Police attend just 60 per cent of anti-social behaviour call-outs

Troublemakers are getting away with causing near riots as Police Scotland are failing to attend 60 per cent of anti-social behaviour call-outs.

According to new figures, police sent officers to the scene of fewer than four in ten incidents of antisocial behaviour reported to them in Scotland over the past five years.

This has led to renewed calls for more officers in Scotland’s communities as attendance to reports of disturbances, noise and vandalism dropped.

Police officers in attendance at scenes on average remained consistently below four in ten for the past five years despite the number of reports decreasing by more than 16 per cent.

In 2022, officers were recorded to have been at the scene for 105,000 incidents out of the 282,000 incidents reported, which is a total of 37 per cent, according to data from a Freedom of Information request.

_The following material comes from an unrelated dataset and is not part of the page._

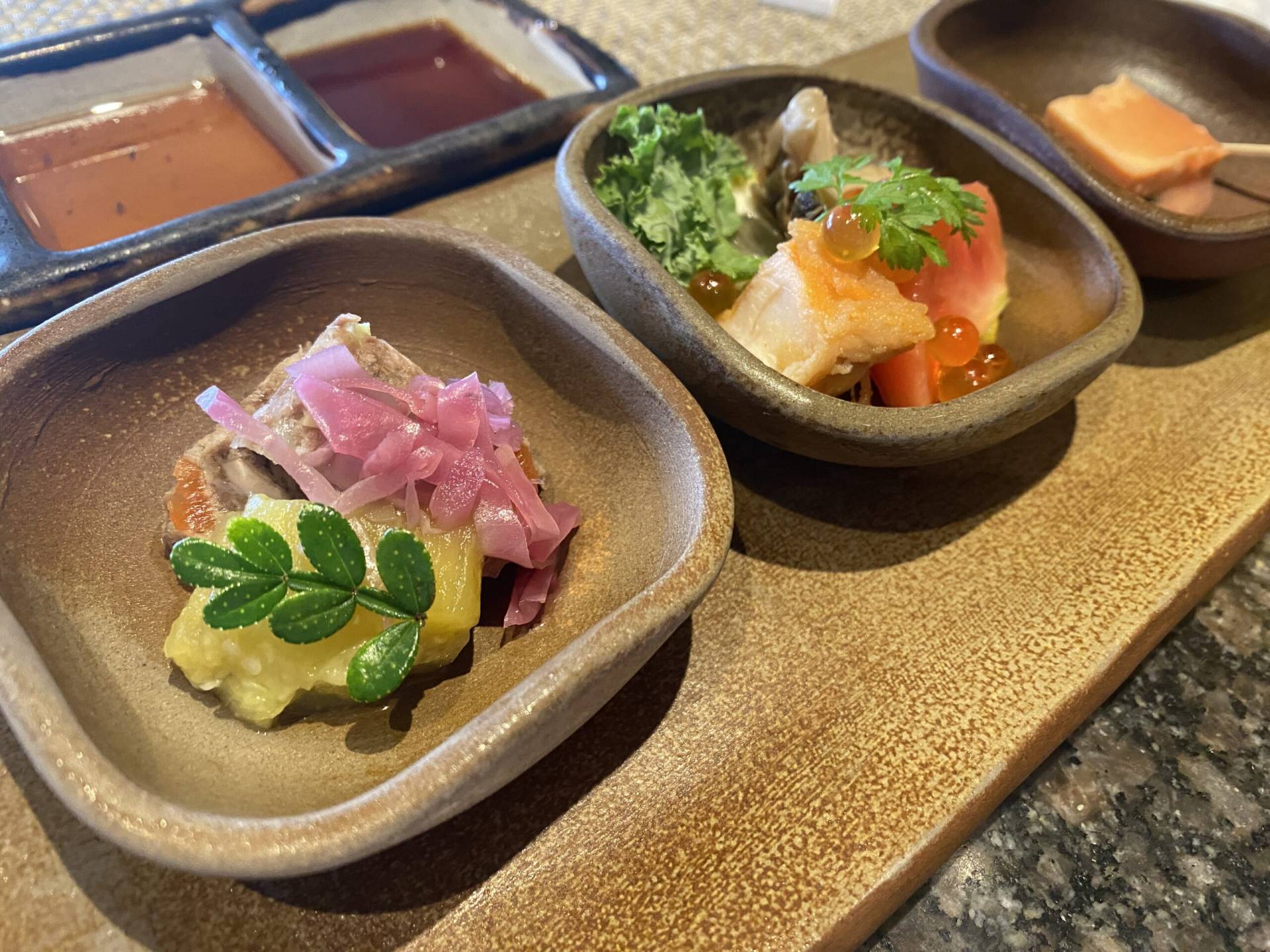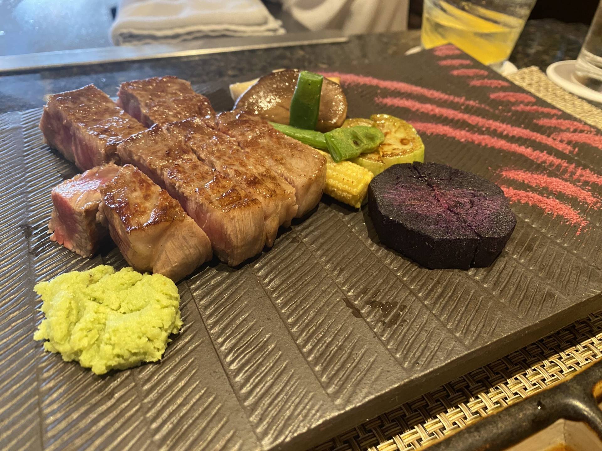 Okinawa is an interesting place. Parts of it seem very Americanized (makes sense due to the large American presence) but others almost seem more traditionally Japanese than we’ve experienced before. I got turned away at the breakfast buffet this morning until I covered my tattoos, whoops. We spent today swimming in the ocean, having an afternoon tea, and indulging in an extremely expensive teppanyaki dinner.

The police claimed that attendance spaces in the incident recording system were sometimes left blank in error, or that one incident could be duplicated if it was subject of several reports.

A spokesman for the police said: “Frontline staff made a risk assessment to determine the appropriate police response, which included giving advice or offering an appointment in non-urgent cases.”

Jamie Greene MSP, the Scottish Conservatives justice spokesman said the statistics were concerning and blamed the overstretched policing budget for officers “tackling crime with one hand tied behind their backs”.

He added: “These figures are very concerning and starkly highlight how SNP budget cuts result in fewer call-outs to antisocial behaviour in our communities.

“With police budgets now stretched to breaking point, the impact of these stringent cuts is sadly all too clear in these low attendance figures.”

Hamilton told the Times of London: “If we don’t go to that call then the danger is that they actually escalate into something else, so often antisocial behaviour is the beginning of more serious behaviours.”

Lorraine Gillies, chief executive of the Scottish Community Safety Network, whose members include delegates from councils, the police and fire service, added to the paper “tightening resources” meant she had sympathy with officers “trying to direct these for best effect”.

She added: “Anti-social behaviour is not and should not be tackled by Police Scotland alone.”

A spokesman for the Scottish Government said: “We continue to support the work of local authorities, Police Scotland and others to further reduce the damage caused by antisocial behaviour in our communities, including investing in prevention and early intervention.”

Rioting: Police are geared up but not turning up at too many incidents of anti social behavior.

One comment

  1. What a load of tosh. Haven’t seen many or any riots here in WDC.

    Not am I aware of our schools and college being full of budding terrorists as an earlier article proclaimed.

    This is just spin being published by Police Scotland and being reported as fact.